[Stored records]
==*==
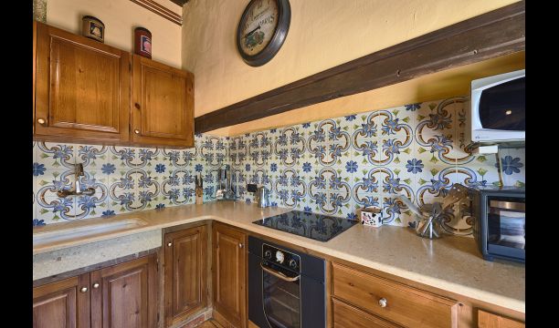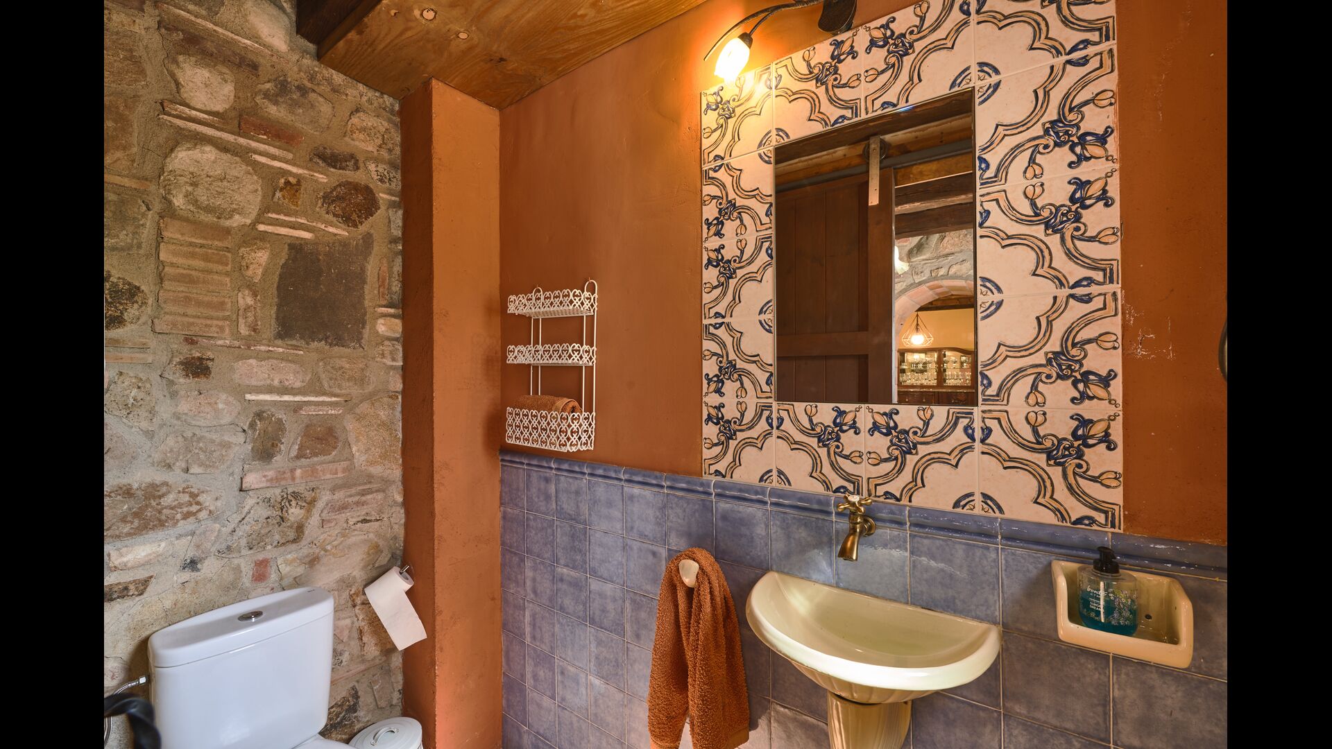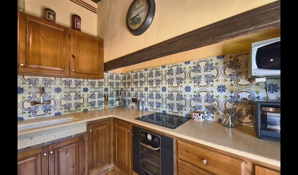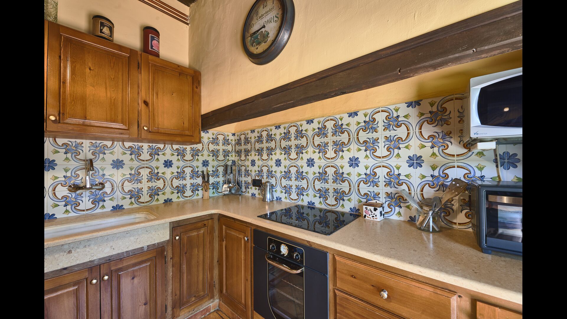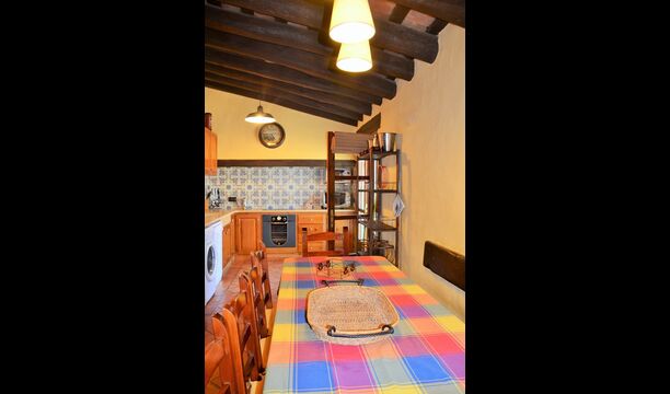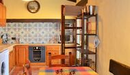 Die Küche ist gut ausgestattet mit Kochplatten, Backofen, Kühlschrank, Gefrierschrank, Mikrowelle, Geschirrspüler, und innen ist sie mit dem Esszimmer verbunden. Das Wohnzimmer mit TV ist mit einem zweiten Esszimmer verbunden. Es gibt auch eine zweite Toilette.
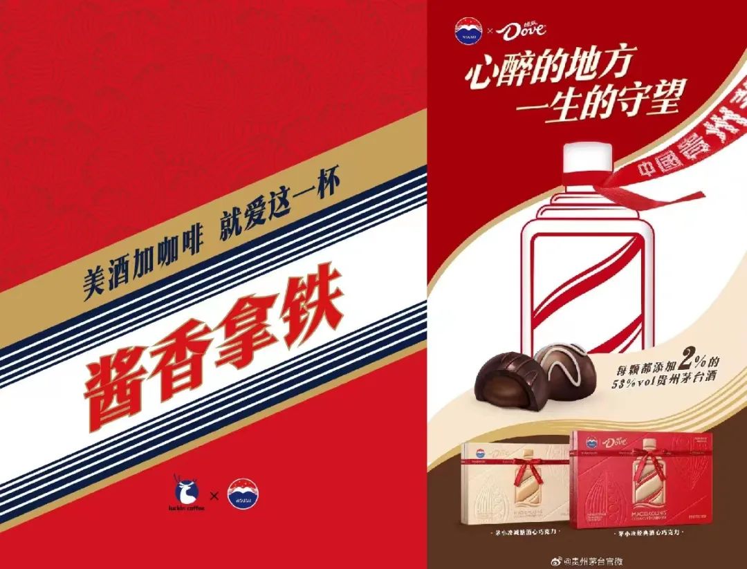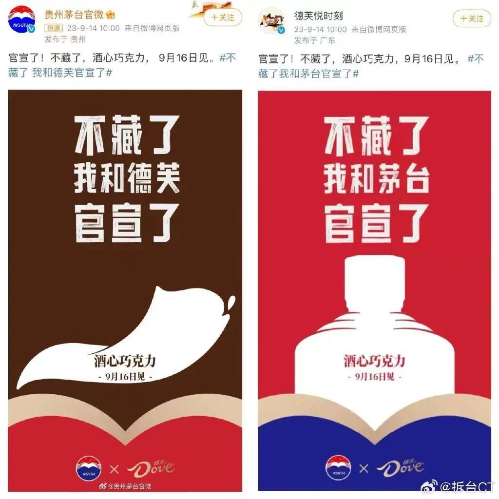 酱香拿铁席卷互联网仿佛还在昨天,最近,茅台和德芙的官宣又出现在热搜。
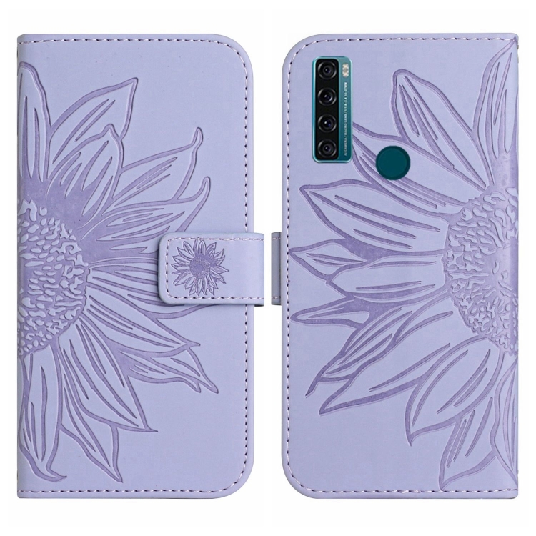 Funda Flip de Cuero para TCL 20 Se Skin Feel con Cordón y Patrón Sun Flower (Púrpura)
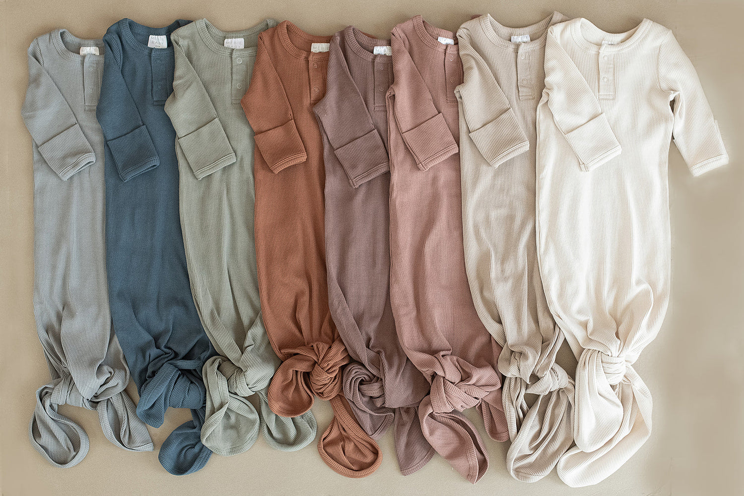 Navy Organic Cotton Ribbed Knot Gown is backordered and will ship as soon as it is back in stock.
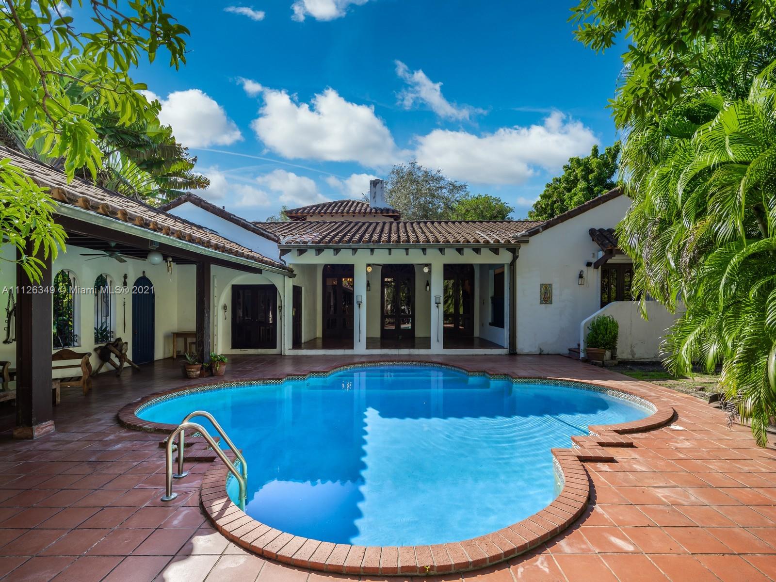 Welcome to " La Hacienda" in desirable South Gables. Beautiful courtyard entrance, 5 bedrooms, open spaces and plenty of natural light. Sitting on oversized 15,700 sq, ft lot, this very special home is ready for your personal touch! Conveniently located, minutes from shops, restaurants and Village of Merrick park. Adjacent 10,000 sq. ft lot also available for sale.
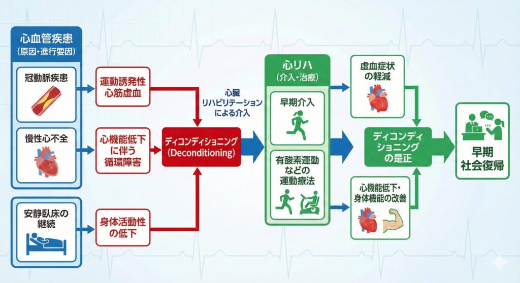 心血管疾患を有する患者において、冠動脈疾患では運動誘発性心筋虚血、慢性心不全では心機能低下に伴う循環障害によりディコンディショニングが生じることが知られています。加えて安静臥床が続くことで身体活動性の低下がみられ、よりディコンディショニングが進行することも報告されています。
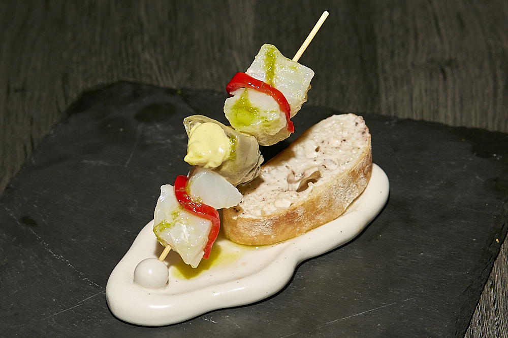 TAPA: «ALCACHOFA DEL ATLÁNTICO» Tierna alcachofa conservada en AOVE junto con bacalao aliñado, picante o no, sobre mousse de anchoa del cantábrico. Apta para celíacos
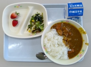 チキンカレーライス 牛乳 海藻サラダ いちご
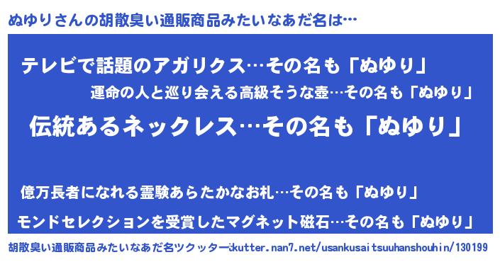 | 恥ずかしいあだ名 | 『ヌユリンリン』『ヌユリデラックス』 |
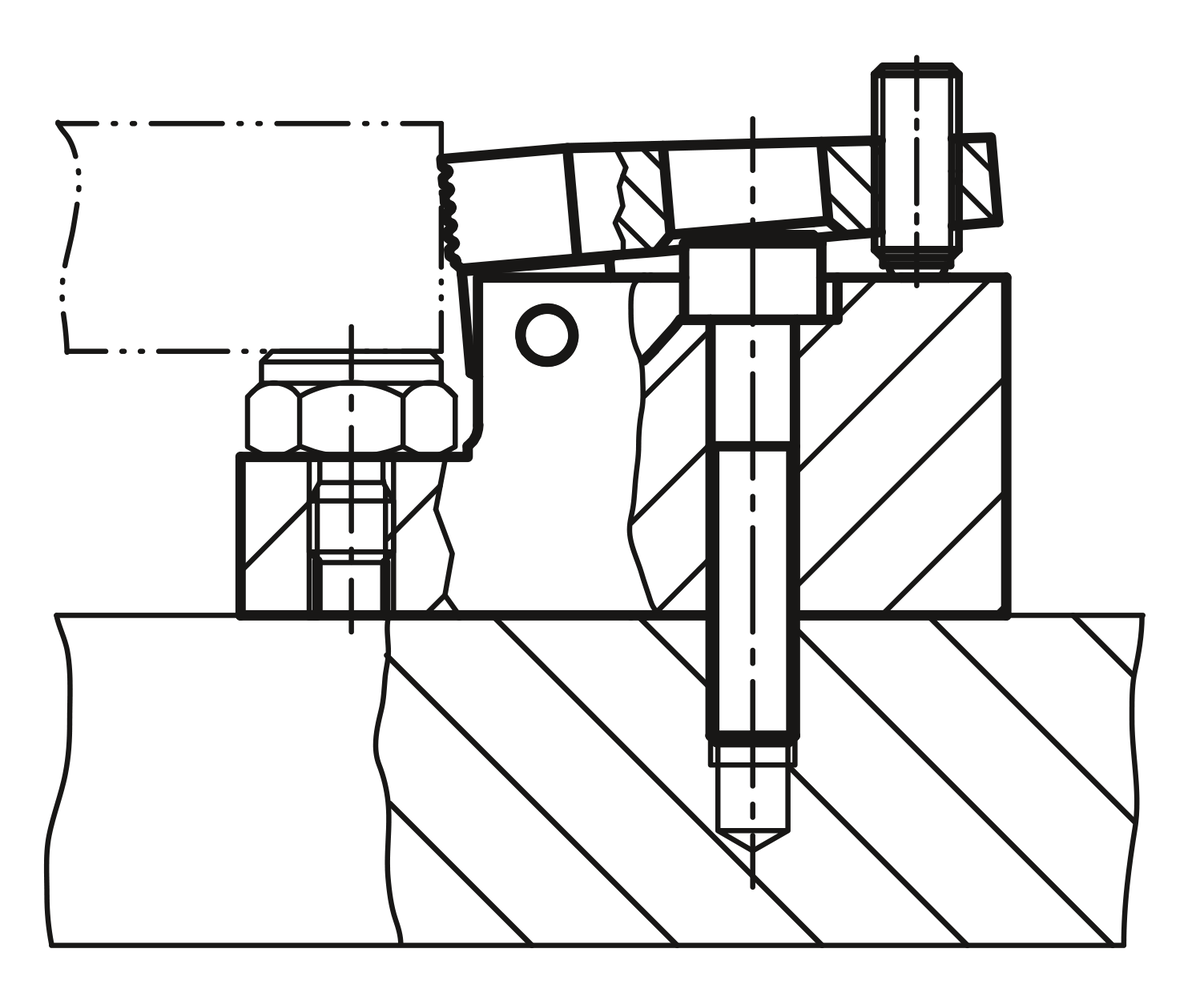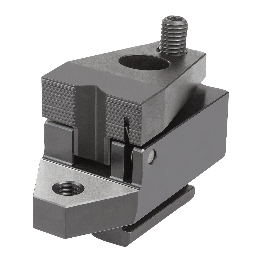 Tightening the ball-end thrust screw moves the jaw plates forwards. The workpiece is pushed against the fixed stop and simultaneously forced down onto the seating face. This side clamp has a ground seating face and tapped hole for adjustable support elements.
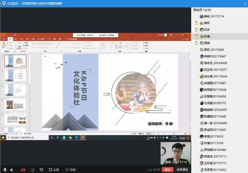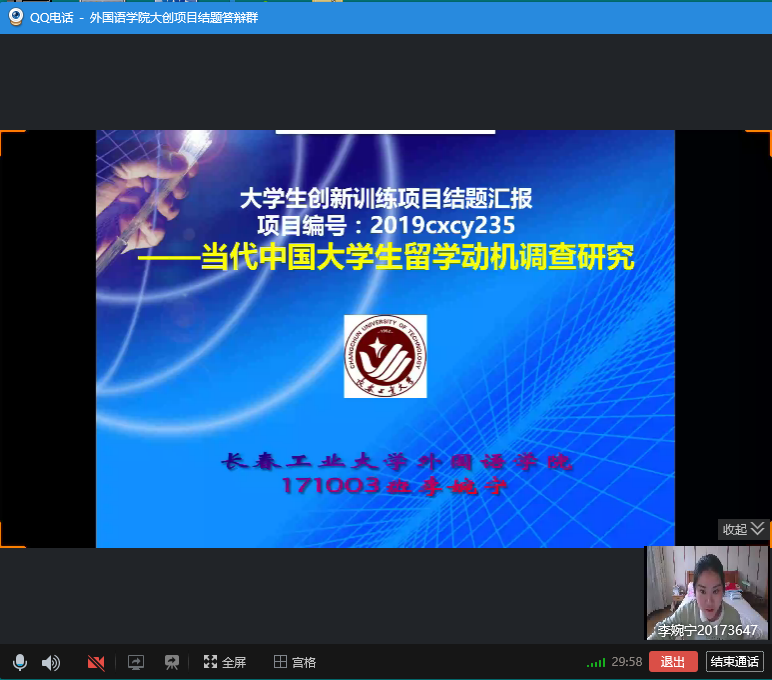 利用QQ网络平台进行了2019年度“大学生创新创业训练计划”项目结题线上验收评审工作。英语系主任刘宇、日语系主任曾妍、俄语系主任张美担任此次结题验收答辩的专家评委。学院副院长周爽全程参加评审验收。
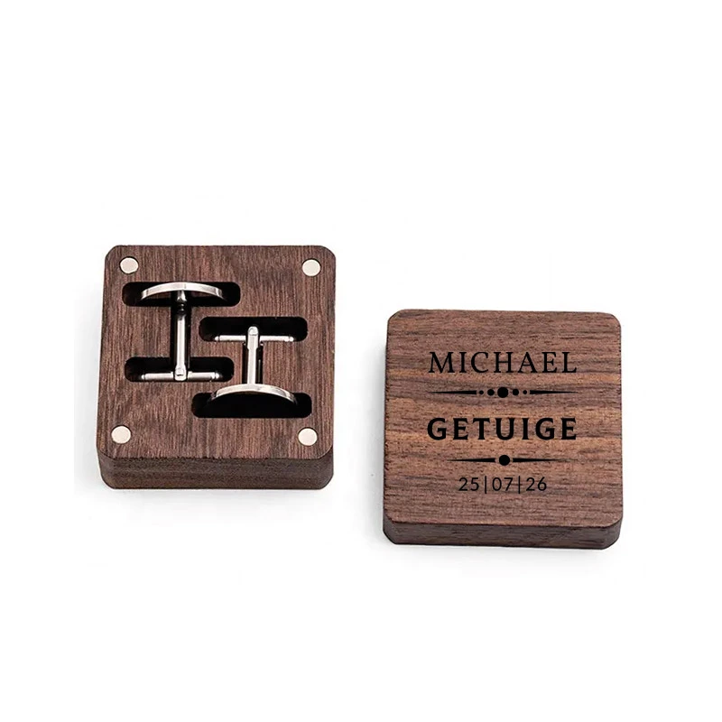 Set van 2 walnotenhouten manchetknopen gegraveerd met “Getuige”, naam en datum (bijv. “Jan – Getuige – 28.07.2025”). Voorbeelden: bedank getuigen, of vraag ze met deze twist. Inclusief luxe doos. Levertijd: 2-4 werkdagen – wooden wonder with warmth.
==*==
▸ **What to produce**
Skip the pictures. Return exactly the lines from the one containing "Tightening the ball-end" through the end of the data above, both included, and nothing besides.

▸ **Problem solution**
 Tightening the ball-end thrust screw moves the jaw plates forwards. The workpiece is pushed against the fixed stop and simultaneously forced down onto the seating face. This side clamp has a ground seating face and tapped hole for adjustable support elements.
 利用QQ网络平台进行了2019年度“大学生创新创业训练计划”项目结题线上验收评审工作。英语系主任刘宇、日语系主任曾妍、俄语系主任张美担任此次结题验收答辩的专家评委。学院副院长周爽全程参加评审验收。
 Set van 2 walnotenhouten manchetknopen gegraveerd met “Getuige”, naam en datum (bijv. “Jan – Getuige – 28.07.2025”). Voorbeelden: bedank getuigen, of vraag ze met deze twist. Inclusief luxe doos. Levertijd: 2-4 werkdagen – wooden wonder with warmth.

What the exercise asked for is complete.